Cloud computing, Infrastructure as a service (IaaS): nothing new about that. Yet the month of June saw two momentous announcements.
The first was from Microsoft, which announced the addition of IaaS to its Azure platform, along with a new management portal that may prove equally significant, for reasons I will give in a moment.
The second was from Google, at its IO 2012 conference, when it announced Google Compute Engine (GCE), which lets you launch Linux virtual machines (VMs) on Google's platform.
Google may be a new player in the IaaS market but you would also think that managing this stuff will come naturally to a company which has built its own search and cloud services on a massively scaleable cloud. Google also has a good track record in terms of reliability, when you look at its existing Google Apps services. It is not perfect; but then neither are others such as Amazon or Salesforce.com, both of which have occasional service interruptions.
In fact, one of the advantages of major new entrants into the market is the possibility of building fail-safe solutions across several cloud vendors, making it less likely that cloud downtime will cause severe loss of business.
What about Windows Azure? This one has made a big impression on me, partly because (unlike GCE) I have been able to try it out, as well as speaking to Microsoft Corporate VP Scott Guthrie about the new features.
He told me how, soon after he moved to work on Azure in 2011, his team sat down and tried using the service, encountering numerous problems ranging from sign-up difficulties to problems finding documentation.
Since then Microsoft has released not only a wide range of new features, including durable VMs alongside the existing stateless VMs, but also a new administration portal that is a pleasure to use.
Does that matter, when what really counts is the cloud technology, its performance and reliability?
I think it does. A good user experience changes behaviour. It is now so easy to log in and create a VM on Azure, that I will be using this myself when I need to spin up a server to test some software. Click Virtual Machine - From Gallery - pick an operating system - type a name and password, select a machine size, and it is done. A few minutes later you can log in with remote desktop and get working.
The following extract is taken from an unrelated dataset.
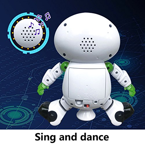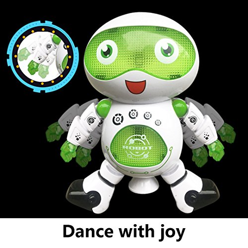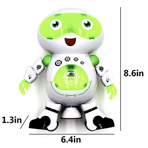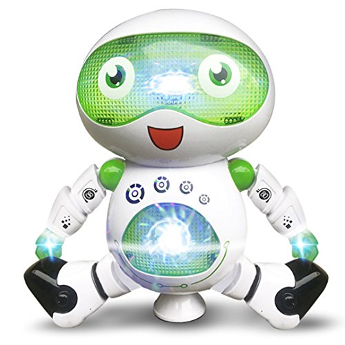 -. Feature : When you flip the switch on the robot body, the lively music comes on and it moves and dances. / Flashing Lights: the toy does not only dance, it also plays music and has flashing lights! / This robot toy can do a full 360 degree spin, its legs and arms will up and down for many cute dance routines. / Features: 1.5V Battery Operated(NOT INCLUDED),8.6in high,Flashing, Sounding.The robot will dance for hours and give your children delightful time / Perfect for kids ages 3 years old or above. The funny dance moves of the electronic toy will give your little one endless hours of fun, laughter and dancing

With a bit of effort, you can even connect Azure to your internal network.
If it is easy to get started, users are more likely to try it out and, all going well, start using the service in anger. My expectation is that Azure will see a lot more activity as a result.
It has taken too long, but Microsoft is now a real contender in cloud infrastructure.
With Google also coming into play, you may wonder if Amazon will finally feel some heat. I actually doubt that. It is a growing market, and Amazon is the leader by far.
It seems to me that it is more the other, smaller cloud hosters who should worry, as well as those in the on-premise server market. Increasingly, you will not only be testing your new solutions in the cloud, but deploying them there as well.